The husband said after she went there, a group of dozens of police officers came to search his private house, confiscating some pairs of army clothes they bought from open markets and three cell phones.

Police reportedly informed him about his wife’s detention without saying in details, so the husband is not unclear about the charge(s) the wife is facing nor where she is held.

Mrs. Lanh, 36, is an activist participating in a number of peaceful demonstrations, including the mass street protest on June 10, 2018 in Ho Chi Minh City. She was detained on June 11 but released after several hours of interrogation.

She has used her Facebook account SG Ngọc Lanto write and share statuses about human rights and democracy.

Meanwhile, Uyen Thuy is a Facebook account of Nguyen Thi Thuy, a member of the unregistered group Hien Phap. Since early September 2018, security forces have arrested eight members of the group due to its members’ participation in the mass demonstration on June 10 in HCM City. Ms. Thuy herself was forced to go into hiding to avoid being arrested.

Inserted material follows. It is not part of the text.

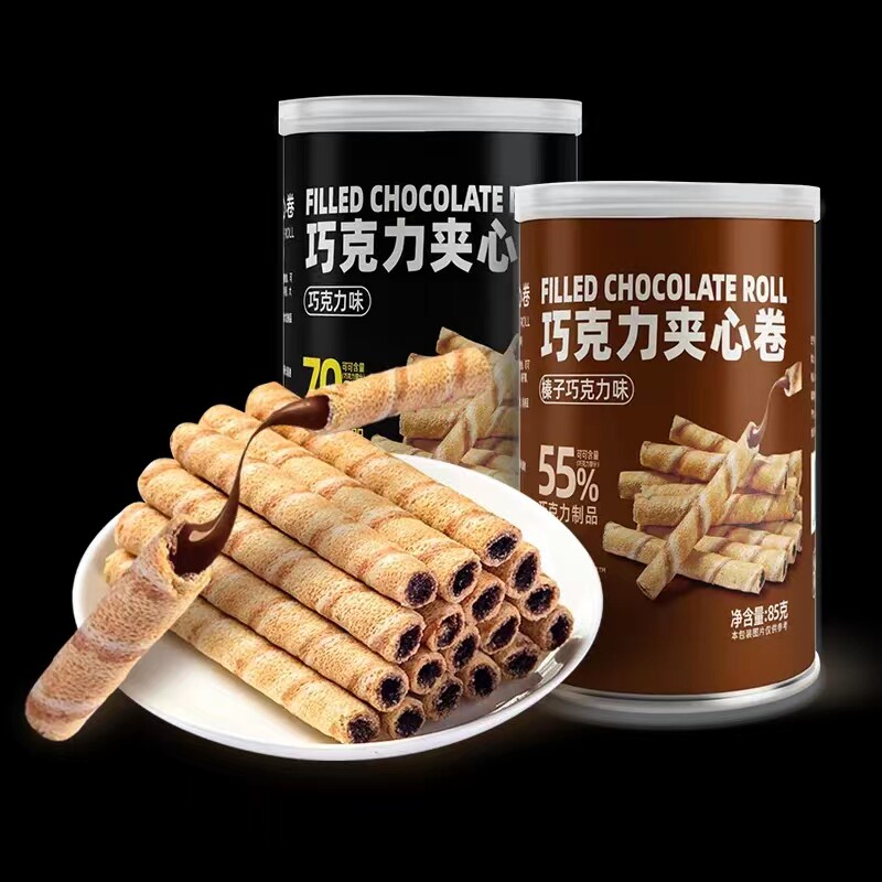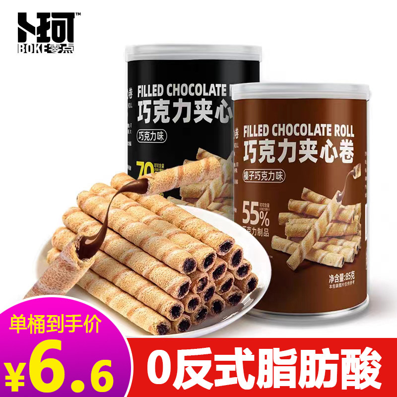 卜珂黑巧克力夹心卷85g蛋卷夹心饼干脆卷罐装办公室点心休闲零食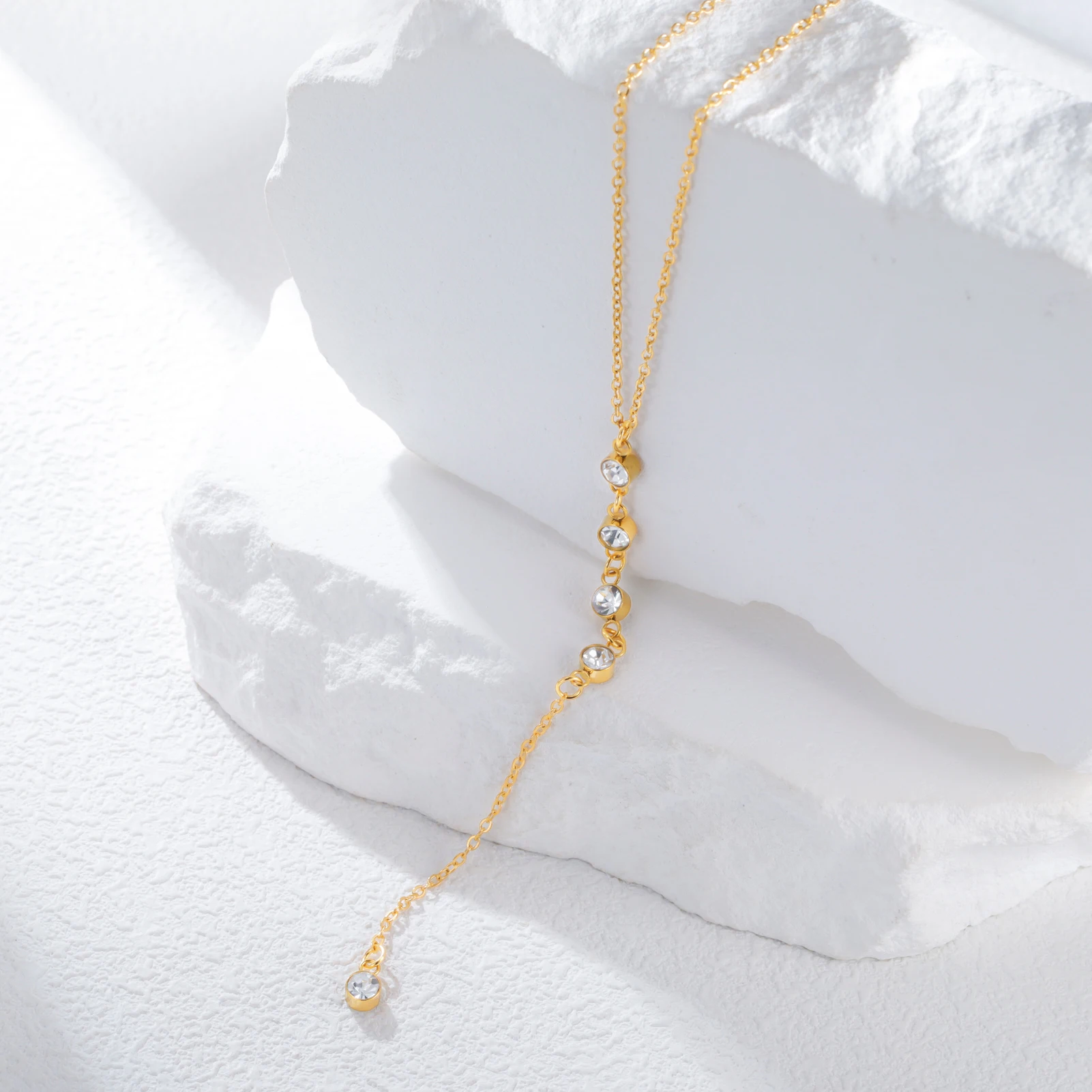 Clear Zircon Long Chain Necklace – Elegant Minimalist Jewellery for Women

Mrs. Lanh is the second Facebooker being arrested after the Cyber Security Law went into effect on January 1, 2019.

On June 26, police in Dong Nai province arrested Huynh Minh Tam (Facebooker Huynh Tri Tam) and searched his house. They took him away without informing his family about the charge against him.

Vietnam’s communist regime continues its crackdown on local dissent amid rising social dissatisfaction regarding the governments’ weak response to China’s violations of the country’s sovereignty, systemic corruption, widespread human rights abuse and police torture as well as nationwide environmental pollution.

Last year, Vietnam arrested at least 27 activists and convicted 41 human rights defenders, sentencing them to a total 301 years and nine months in prison and 69 years of probation, according to Defend the Defenders’ statistics.

Vietnam is holding around 250 prisoners of conscience, according to NOW!Campaign, a coalition of 15 international and domestic independent organizations working for release of all prisoners of conscience.